Don’t just fight fraud, hunt it
Our nation has entered a new fraud arms race fueled by AI.
With billions of dollars in fraud losses mounting in both the private and public sectors, it’s clear the old ways of deterring fraud aren’t working. That’s why we need a new playbook that starts with understanding how fraudsters operate, evolving our defenses, and shifting to a proactive posture that doesn’t just fight fraud but actively hunts it down.
In the AI era, treating fraud as just a front-door problem won’t work. This moment requires industry, government, and consumers to work together, reduce silos, and share real-time intelligence. The goal is to move beyond reactive detection by understanding the lifecycle of a threat—from its formation to its spread—so we can intervene before it establishes a foothold.
For decades, fraud has been treated like a series of isolated incidents. This false assumption has underpinned nearly every past effort to crack down on it. Those efforts, while well-intentioned, have missed the mark.
Now, in light of the Trump Administration’s Cyber Strategy for America and accompanying executive order, it’s critical to understand the modern fraud landscape and the central role that digital identity exploitation plays within it.
New research from Socure reveals just how dramatically the landscape is evolving.
Fraud has become industrialized, with organized crime syndicates running operations that are global, systemic, automated, and powered by AI. No organization, service, or program is safe. Fraudsters target government programs, banks, fintech platforms, telecom companies, and more, blurring the lines between public sector fraud, financial crime, and cybercrime.
It used to be that fraud could be detected through the reuse of identity elements across multiple applications: the same email, device, phone number, or IP address used over and over.
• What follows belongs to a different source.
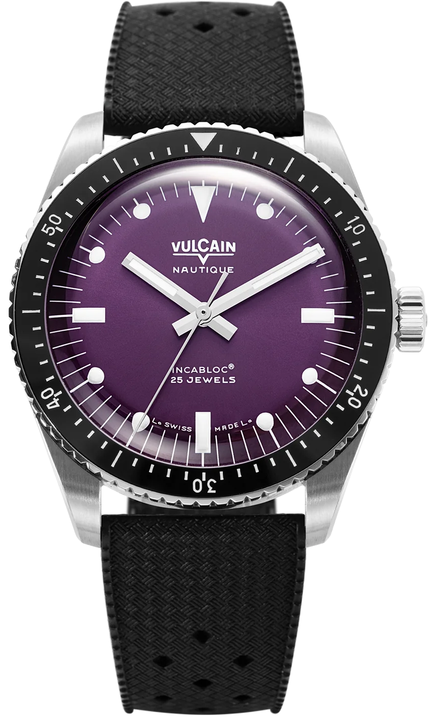 Vulcain Watch Skindiver Nautique Purple Black Rubber Limited Edition 660170A17.BAR200. The Skindiver Nautique has all the attributes of an underwater tool watch, as evidenced by the ultra-legible Super-Luminova-enhanced hands and indexes, which come in khaki brown for an elegant contrast by day and enhanced legibility in low-light conditions, and the unidirectional fluted bezel with black ceramic insert and contrasting white markers. Rated to a depth of 200 meters, the watch is ideally proportioned with a 38mm stainless-steel case.
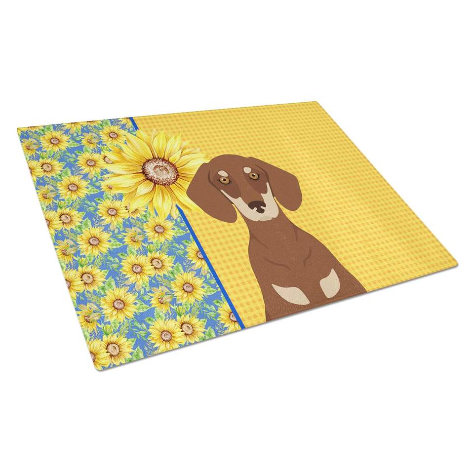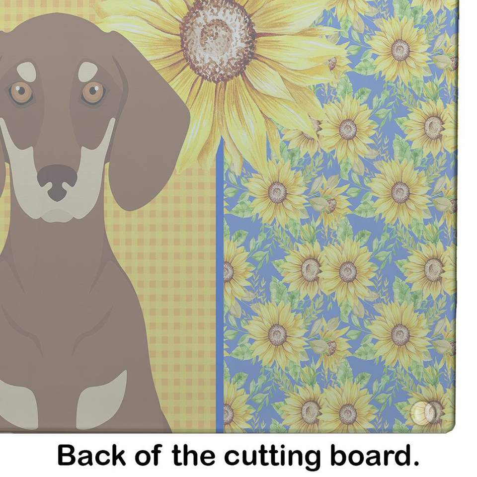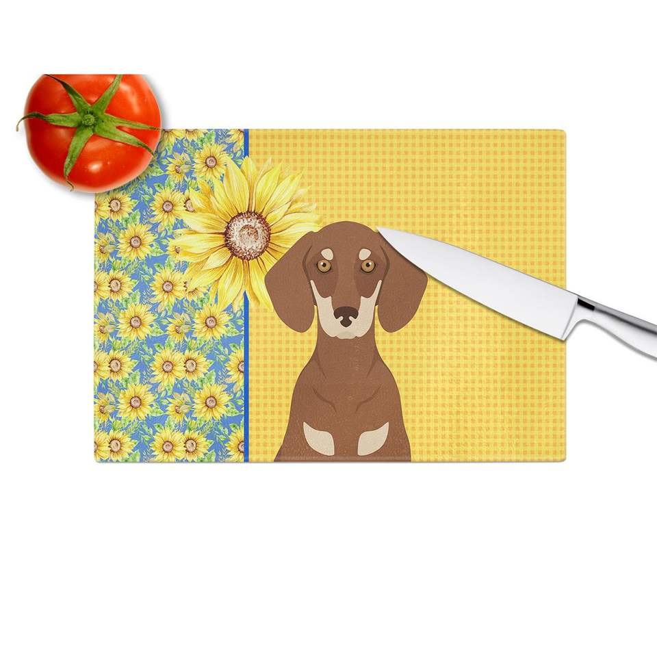 Summer Sunflowers Chocolate Cream Dachshund Decorative Tempered Glass Cutting Board Large Size Kitchen Serving Dishes Plates

But the data is clear: these links are declining fast. Today’s sophisticated fraudsters are now engineering their attacks to avoid traditional fraud detection patterns. Our research demonstrates that emails will be completely unique within fraud populations as soon as 2027, so we won’t be able to rely on email to identify patterns.
Speed is another defining feature of modern identity fraud. Fraudsters use AI to create clean, durable, synthetic and stolen identities at scale. In one observed campaign, 24,148 synthetic identities were built and launched in under a month, with many attacks occurring within 48 hours. What once took weeks or even months can now be completed in days.
The rapid rise of identity farms is another indicator of the industrialization of fraud. Identity farms are operated by crime rings to systematically create synthetic or stolen identities over time in order to closely resemble legitimate identities. Matured identities are used to open bank, credit, and money-movement accounts, siphon government benefits, launder funds, and more. These identity farms focus on durable identities that can bypass traditional verification controls.
So what should we do? Simply put, we must go on offense.
This means treating identity as critical infrastructure and implementing strategies that track how identities were created before the moment of application; expanding signals monitoring to include elements like residential proxies, ISP behavior, and domain registration activity; evaluating velocity and orchestration in real-time; and treating continuous measurement, rapid model iteration, and cross-industry intelligence as core capabilities.
Additionally, given the rapid scaling of fraud, we need more analysis of the complete ecosystem, including dynamic factors like device information, digital footprints, and behavioral biometrics so organizations can effectively distinguish genuine humans from machines. Ultimately, this layered and interconnected approach makes it significantly harder for malicious actors to recreate or steal identities at scale.
Fraud is no longer a series of isolated acts. It is a coordinated, global enterprise built on the exploitation of identity. Until our efforts reflect this new reality, we will continue to fight an imminent and ongoing threat with outdated tools and fall further behind.
Now is the time to make this strategic shift and finally put fraudsters on their heels.
Mike Cook serves as head of fraud insights at Socure, the identity and risk platform for the AI age.